[Records contained in a dataset]
>>

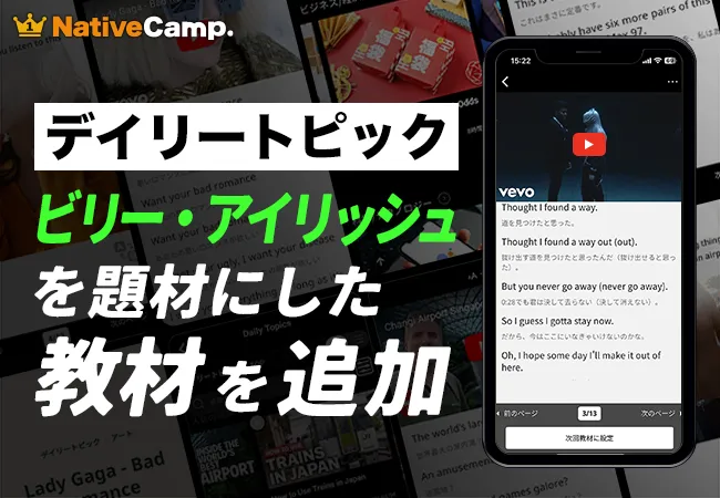 株式会社ネイティブキャンプは、あります。2025年11月29日(土)に、世界の動画を活用した人気教材「デイリートピック」に、ビリー・アイリッシュとカリードのヒット曲「lovely」に特化した新教材を追加しました。この教材は、英語を学ぶ多くの人々に新たな感情表現を学ぶ絶好の機会となっています。
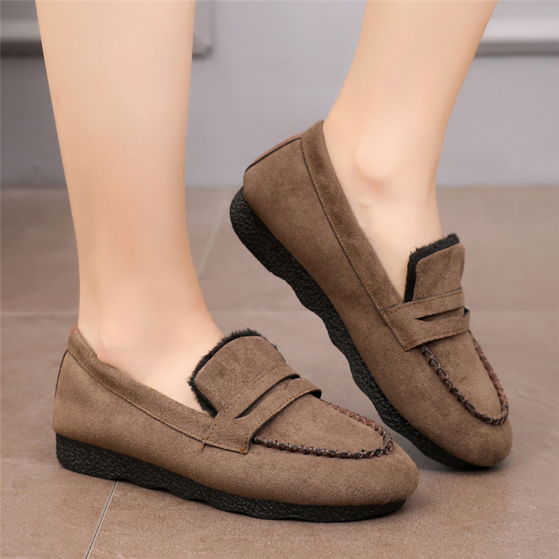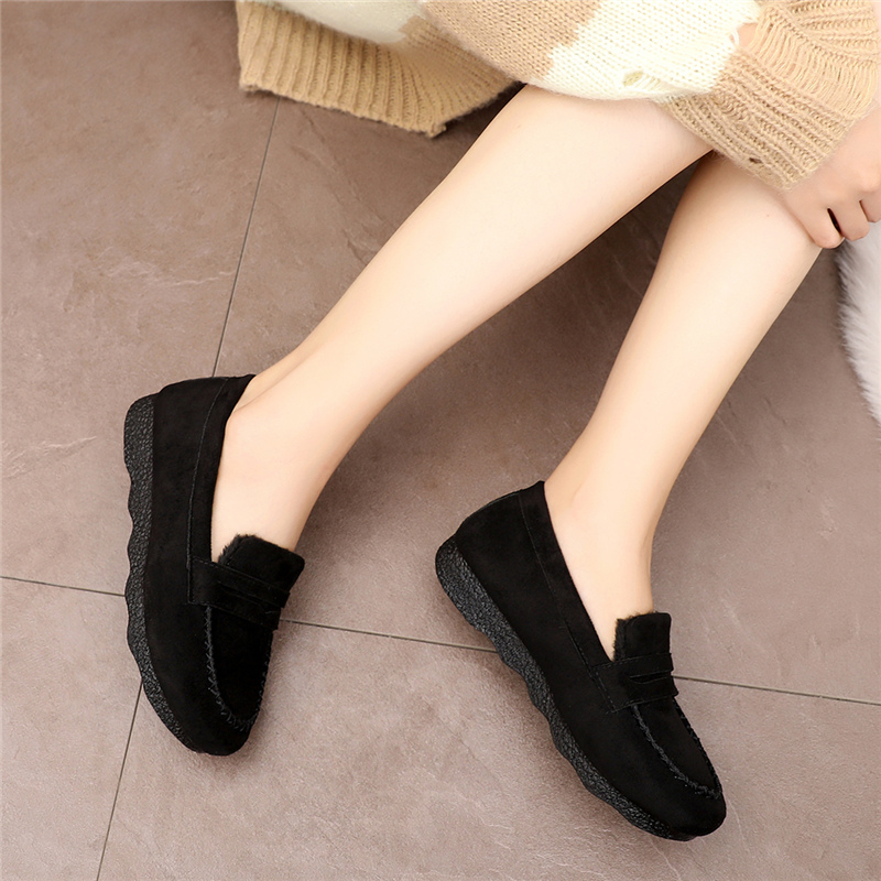 淘宝秋冬季平底鞋老北京布鞋加绒保暖女鞋棉鞋软底豆豆鞋黑色工作鞋女
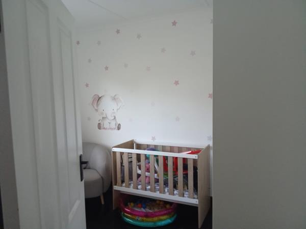 The home features a warm and inviting lounge fitted with beautiful wooden flooring, creating a cosy space for relaxation. The kitchen is well-appointed with built-in cupboards, a fitted stove and oven, and a convenient plumbing point to accommodate your appliances.
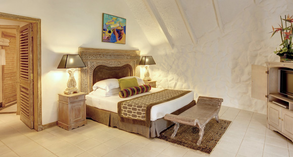 La Pirogue Suite (“Flamboyant” и “Bougainvillea”): 78 м2. Имеет уединенное расположение в северной части курорта, обращен на пальмовую рощу. Состоит из гостиной с зоной отдыха и обеденной зоной, спальни, ванной комнаты с джакузи и душевой, меблированной террасы.
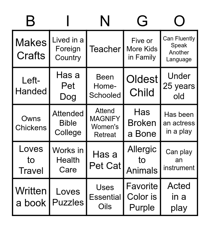 This bingo card has a free space and 24 words: Works in Health Care, Loves Puzzles, Been Home- Schooled, Written a book, Can Fluently Speak Another Language, Makes Crafts, Left-Handed, Lived in a Foreign Country, Has Broken a Bone, Has a Pet Cat, Oldest Child, Owns Chickens, Allergic to Animals, Can play an instrument, Has a Pet Dog, Favorite Color is Purple, Has been an actress in a play, Teacher, Under 25 years old, Attended Bible College, Acted in a play, Loves to Travel, Five or More Kids in Family and Uses Essential Oils.

<<

PROBLEM TO WORK ON: Although the records include pictures, output only their text, exactly and completely.

SOLUTION BELOW:
 株式会社ネイティブキャンプは、あります。2025年11月29日(土)に、世界の動画を活用した人気教材「デイリートピック」に、ビリー・アイリッシュとカリードのヒット曲「lovely」に特化した新教材を追加しました。この教材は、英語を学ぶ多くの人々に新たな感情表現を学ぶ絶好の機会となっています。
 淘宝秋冬季平底鞋老北京布鞋加绒保暖女鞋棉鞋软底豆豆鞋黑色工作鞋女
 The home features a warm and inviting lounge fitted with beautiful wooden flooring, creating a cosy space for relaxation. The kitchen is well-appointed with built-in cupboards, a fitted stove and oven, and a convenient plumbing point to accommodate your appliances.
 La Pirogue Suite (“Flamboyant” и “Bougainvillea”): 78 м2. Имеет уединенное расположение в северной части курорта, обращен на пальмовую рощу. Состоит из гостиной с зоной отдыха и обеденной зоной, спальни, ванной комнаты с джакузи и душевой, меблированной террасы.
 This bingo card has a free space and 24 words: Works in Health Care, Loves Puzzles, Been Home- Schooled, Written a book, Can Fluently Speak Another Language, Makes Crafts, Left-Handed, Lived in a Foreign Country, Has Broken a Bone, Has a Pet Cat, Oldest Child, Owns Chickens, Allergic to Animals, Can play an instrument, Has a Pet Dog, Favorite Color is Purple, Has been an actress in a play, Teacher, Under 25 years old, Attended Bible College, Acted in a play, Loves to Travel, Five or More Kids in Family and Uses Essential Oils.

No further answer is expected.